#### Supplied entries:

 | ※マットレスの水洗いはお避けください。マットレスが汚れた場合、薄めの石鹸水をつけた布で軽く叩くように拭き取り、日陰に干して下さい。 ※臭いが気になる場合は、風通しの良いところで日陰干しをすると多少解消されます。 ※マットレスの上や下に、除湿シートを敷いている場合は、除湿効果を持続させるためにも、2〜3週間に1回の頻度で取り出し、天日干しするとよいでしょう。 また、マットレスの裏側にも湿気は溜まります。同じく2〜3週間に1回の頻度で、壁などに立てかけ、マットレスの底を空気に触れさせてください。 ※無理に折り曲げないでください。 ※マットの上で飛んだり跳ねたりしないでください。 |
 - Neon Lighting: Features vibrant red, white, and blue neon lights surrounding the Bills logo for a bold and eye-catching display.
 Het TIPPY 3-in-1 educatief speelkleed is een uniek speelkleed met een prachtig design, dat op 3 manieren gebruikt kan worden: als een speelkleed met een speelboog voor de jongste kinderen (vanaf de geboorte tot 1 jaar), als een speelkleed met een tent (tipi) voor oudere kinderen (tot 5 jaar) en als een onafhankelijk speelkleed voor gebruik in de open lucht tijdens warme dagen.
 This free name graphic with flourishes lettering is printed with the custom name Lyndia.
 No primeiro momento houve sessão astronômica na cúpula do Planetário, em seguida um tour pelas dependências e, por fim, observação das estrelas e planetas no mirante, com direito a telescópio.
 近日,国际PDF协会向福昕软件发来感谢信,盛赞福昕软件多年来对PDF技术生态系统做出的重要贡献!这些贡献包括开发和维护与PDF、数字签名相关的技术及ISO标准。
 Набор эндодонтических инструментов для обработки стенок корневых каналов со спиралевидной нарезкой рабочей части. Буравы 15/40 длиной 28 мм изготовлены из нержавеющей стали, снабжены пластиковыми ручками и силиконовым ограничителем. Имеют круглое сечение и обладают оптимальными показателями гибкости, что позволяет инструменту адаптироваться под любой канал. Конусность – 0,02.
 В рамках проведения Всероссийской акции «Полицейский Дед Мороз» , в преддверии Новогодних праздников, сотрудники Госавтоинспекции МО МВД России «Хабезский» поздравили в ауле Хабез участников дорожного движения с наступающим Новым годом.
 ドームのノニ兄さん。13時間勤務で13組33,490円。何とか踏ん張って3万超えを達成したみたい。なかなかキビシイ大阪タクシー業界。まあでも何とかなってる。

#### Exercise directions:
Restate word for word the lines from the line containing "近日,国际PDF协会向福昕软" through the last line of the listing, inclusive, and nothing beyond them.

#### Solution to the problem:
 近日,国际PDF协会向福昕软件发来感谢信,盛赞福昕软件多年来对PDF技术生态系统做出的重要贡献!这些贡献包括开发和维护与PDF、数字签名相关的技术及ISO标准。
 Набор эндодонтических инструментов для обработки стенок корневых каналов со спиралевидной нарезкой рабочей части. Буравы 15/40 длиной 28 мм изготовлены из нержавеющей стали, снабжены пластиковыми ручками и силиконовым ограничителем. Имеют круглое сечение и обладают оптимальными показателями гибкости, что позволяет инструменту адаптироваться под любой канал. Конусность – 0,02.
 В рамках проведения Всероссийской акции «Полицейский Дед Мороз» , в преддверии Новогодних праздников, сотрудники Госавтоинспекции МО МВД России «Хабезский» поздравили в ауле Хабез участников дорожного движения с наступающим Новым годом.
 ドームのノニ兄さん。13時間勤務で13組33,490円。何とか踏ん張って3万超えを達成したみたい。なかなかキビシイ大阪タクシー業界。まあでも何とかなってる。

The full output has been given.